PROBLEM TO SOLVE ▸ Return each record word for word and omit the pictures.

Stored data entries
________

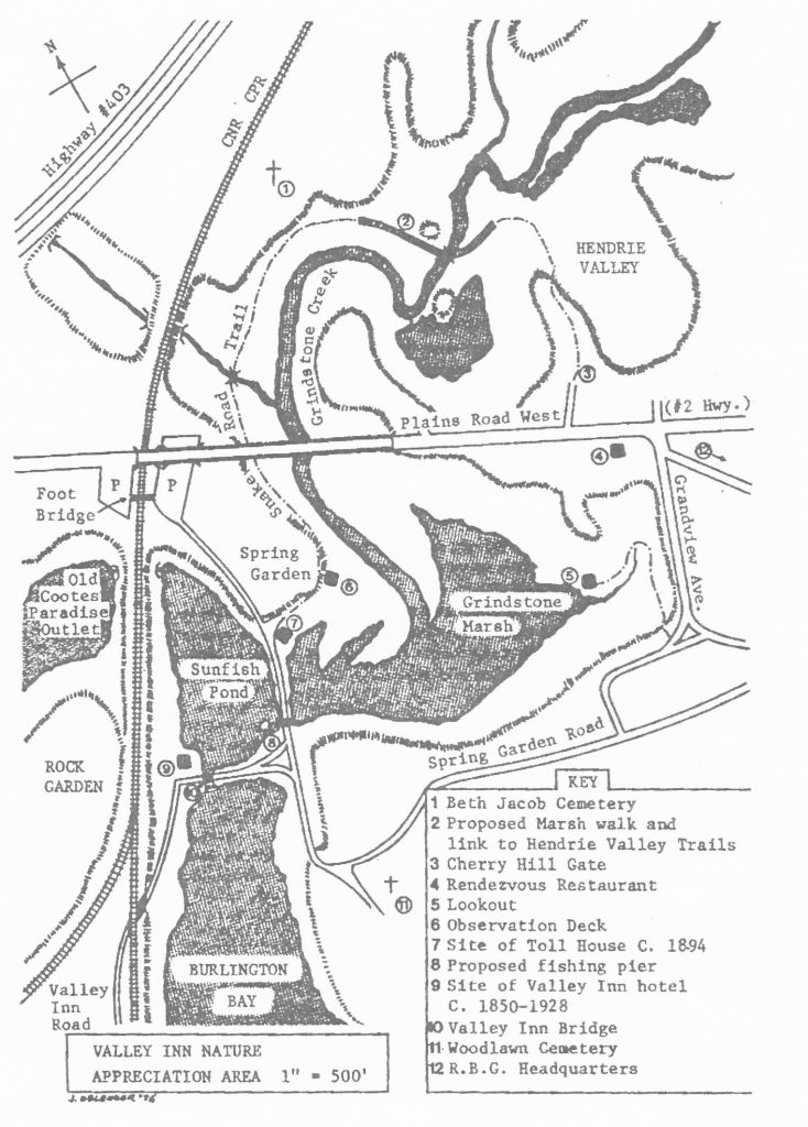 For many years, before changes to the landscape were made by the construction of the Desjardins Canal, the opening of the Snake Road and the building of the Grand Trunk Railway, the site of the Valley Inn was an important crossroads for aboriginal peoples and explorers as they passed between the Head-of-the-Lake and the Grand River to the west. The arrival of early settlers on their way to Dundas, Flamborough and Waterloo County all added to the importance of this crossing at the original entrance into Cootes Paradise.
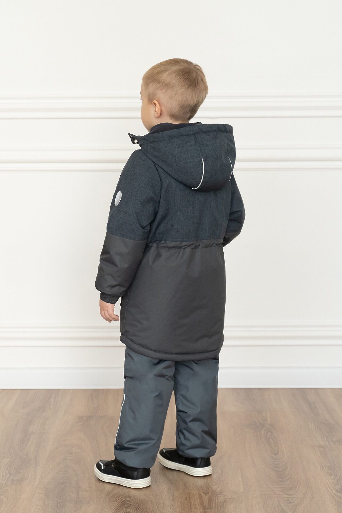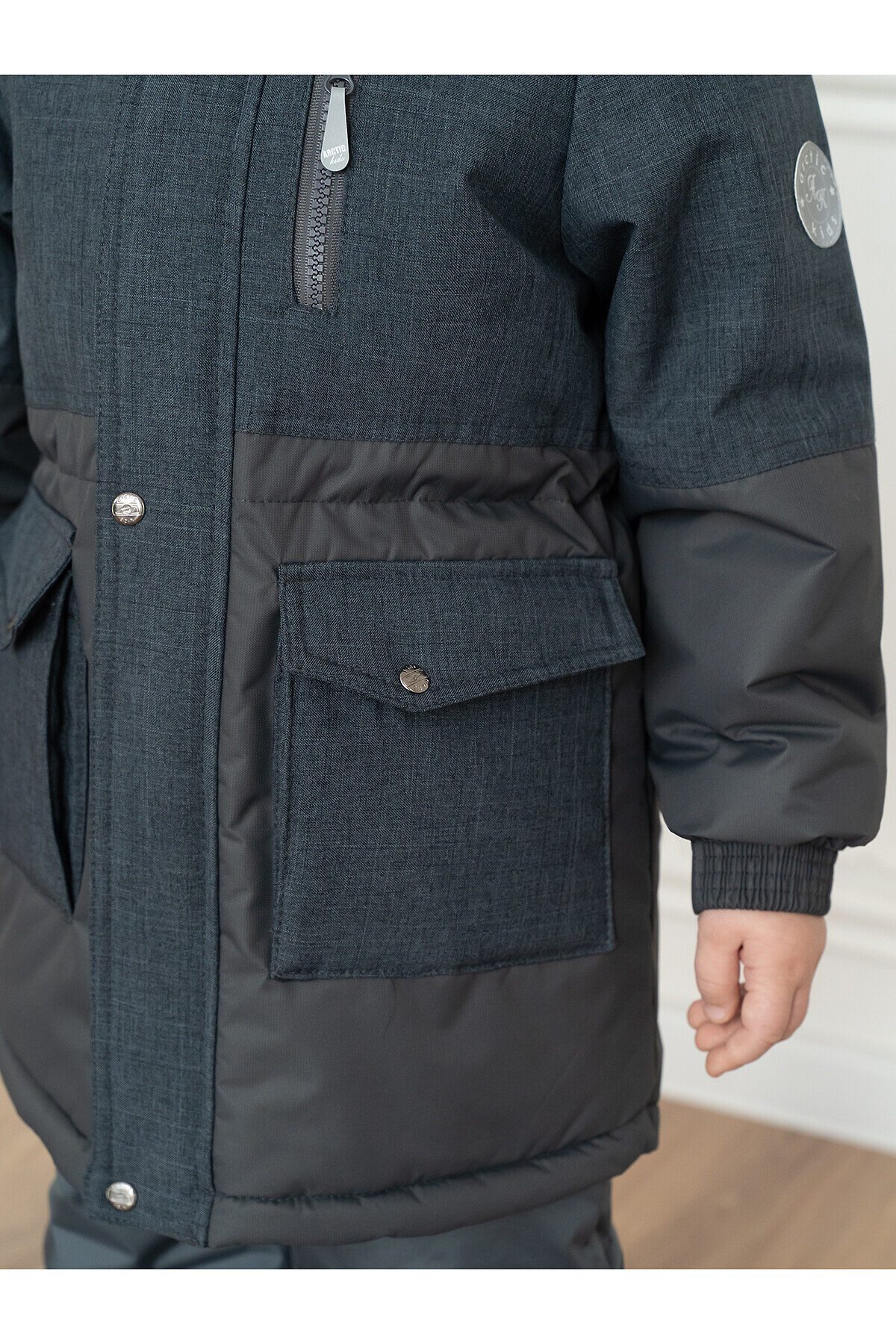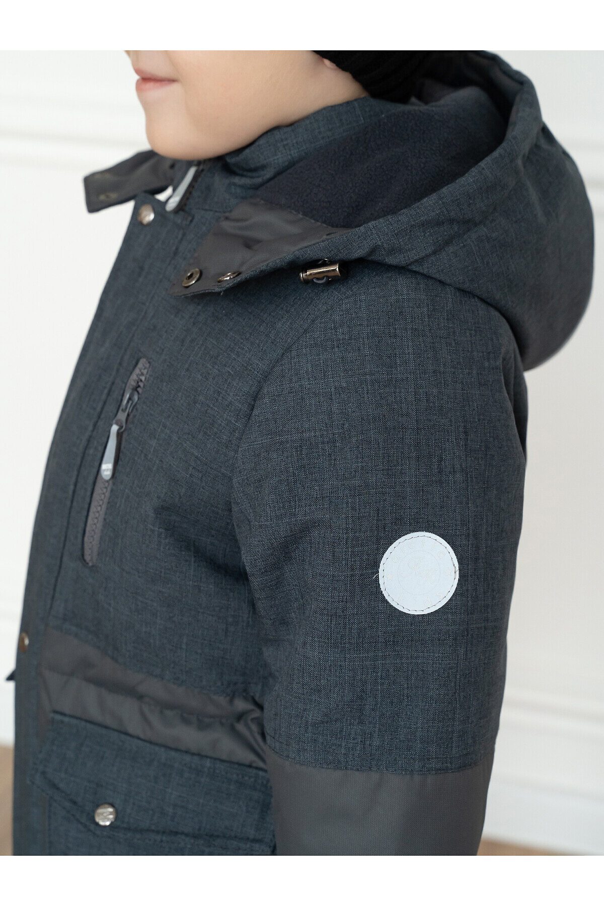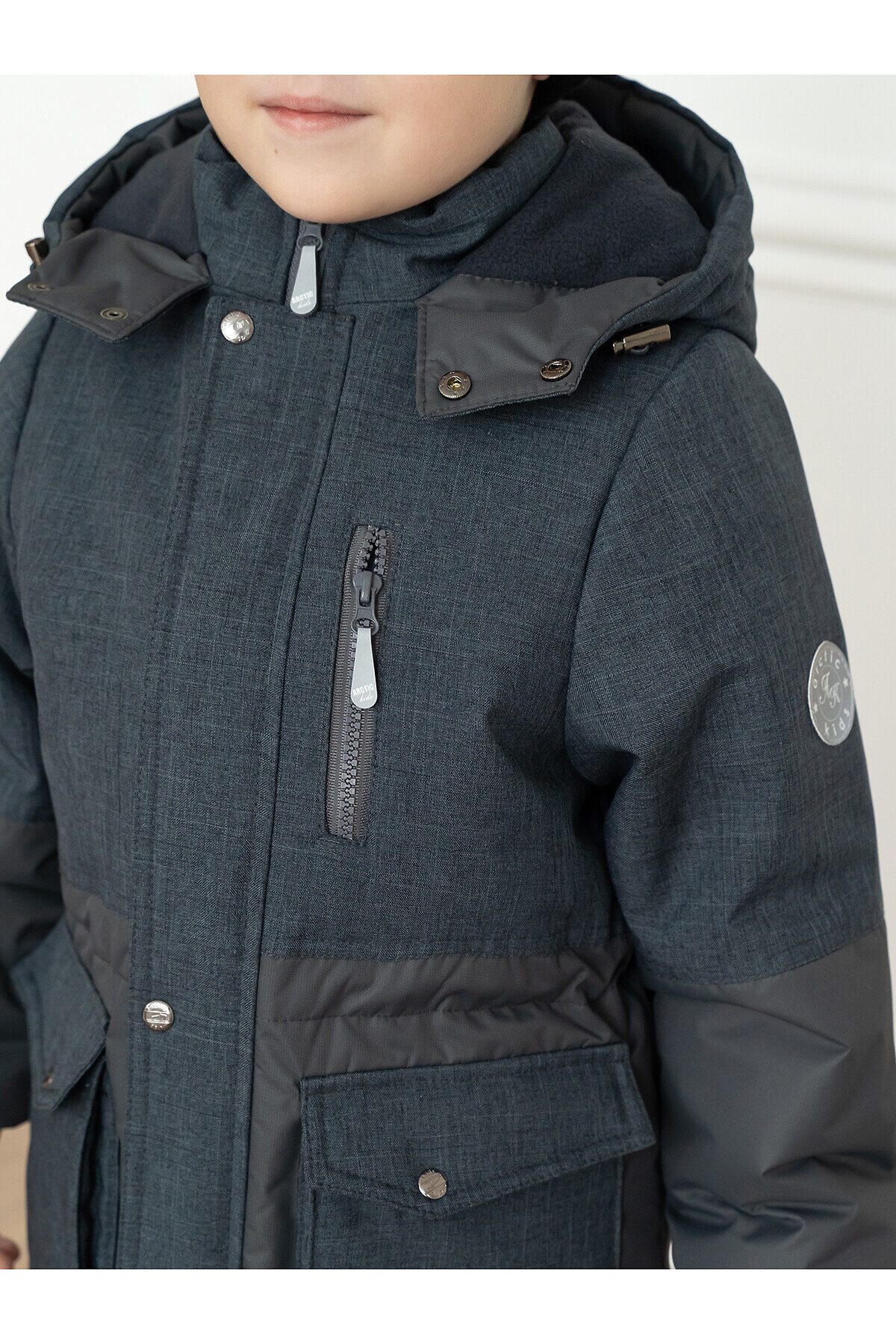 Детская зимняя мембранная удлиненная куртка цвета графит комбинированная. Несъемный глубокий капюшон с застежкой на кнопках, со светоотражающими полосами сзади. Для регулировки взята резинкой с фиксаторами. Высокий воротник. Застегивается на молнию. Внутренняя и внешняя ветрозащитная планка с кнопками. Защитный клапан для бегунка молнии. Один нагрудный каhман на молнии. Два накладных кармана с клапанами снизу. По талии внутренняя кулиска для уменьшения объема с фиксаторами. Подклад до половины основной части и в капюшоне - мягкий флис. Нижняя часть и рукава подкладка из таффеты. По низу рукавов манжеты-резинки. По верху одного из рукавов светоотражающая нашивка. >
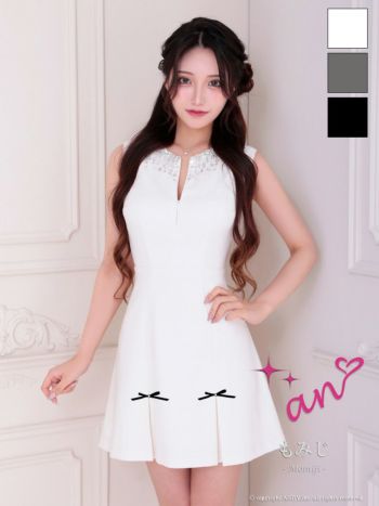 XSあり!背中開きデザインで後ろ姿まで綺麗に魅せる♪ 【an/アン】ノースリーブ ジップデザイン バックカット プリーツ リボン ビジュー フレアミニドレス(aoc4027)
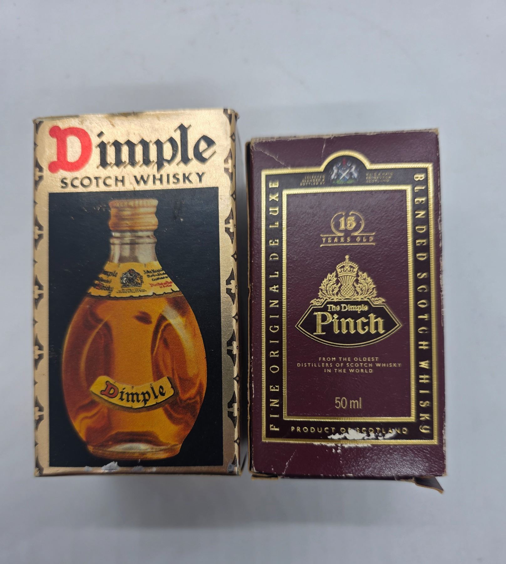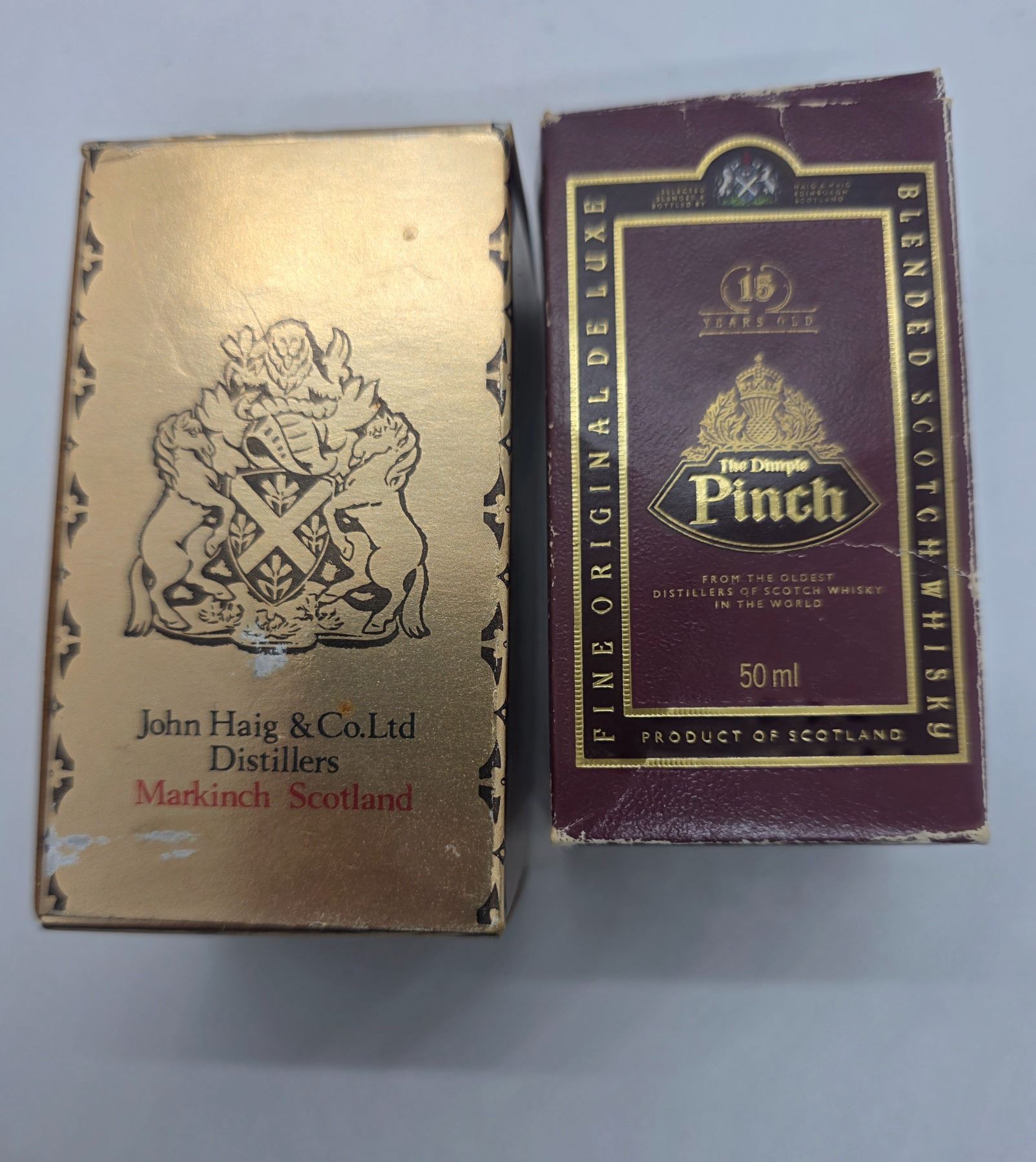 Vintage 50ml Glass Dimple & Pinch Scotch Bottles in Original Boxes - Pinch is empty and Dimple is 1/2 full
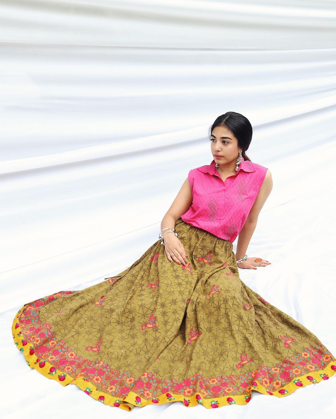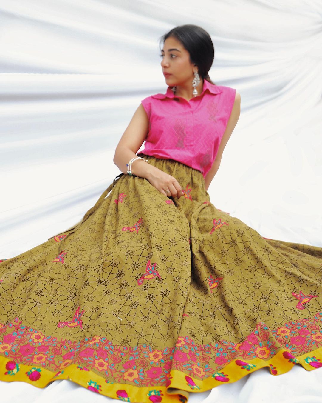 Mehndi Green marvi block printed ghagra Mehndi Green marvi block printed ghagra See less

________

SOLUTION FOR THIS PROBLEM ▸
 For many years, before changes to the landscape were made by the construction of the Desjardins Canal, the opening of the Snake Road and the building of the Grand Trunk Railway, the site of the Valley Inn was an important crossroads for aboriginal peoples and explorers as they passed between the Head-of-the-Lake and the Grand River to the west. The arrival of early settlers on their way to Dundas, Flamborough and Waterloo County all added to the importance of this crossing at the original entrance into Cootes Paradise.
 Детская зимняя мембранная удлиненная куртка цвета графит комбинированная. Несъемный глубокий капюшон с застежкой на кнопках, со светоотражающими полосами сзади. Для регулировки взята резинкой с фиксаторами. Высокий воротник. Застегивается на молнию. Внутренняя и внешняя ветрозащитная планка с кнопками. Защитный клапан для бегунка молнии. Один нагрудный каhман на молнии. Два накладных кармана с клапанами снизу. По талии внутренняя кулиска для уменьшения объема с фиксаторами. Подклад до половины основной части и в капюшоне - мягкий флис. Нижняя часть и рукава подкладка из таффеты. По низу рукавов манжеты-резинки. По верху одного из рукавов светоотражающая нашивка. >
 XSあり!背中開きデザインで後ろ姿まで綺麗に魅せる♪ 【an/アン】ノースリーブ ジップデザイン バックカット プリーツ リボン ビジュー フレアミニドレス(aoc4027)
 Vintage 50ml Glass Dimple & Pinch Scotch Bottles in Original Boxes - Pinch is empty and Dimple is 1/2 full
 Mehndi Green marvi block printed ghagra Mehndi Green marvi block printed ghagra See less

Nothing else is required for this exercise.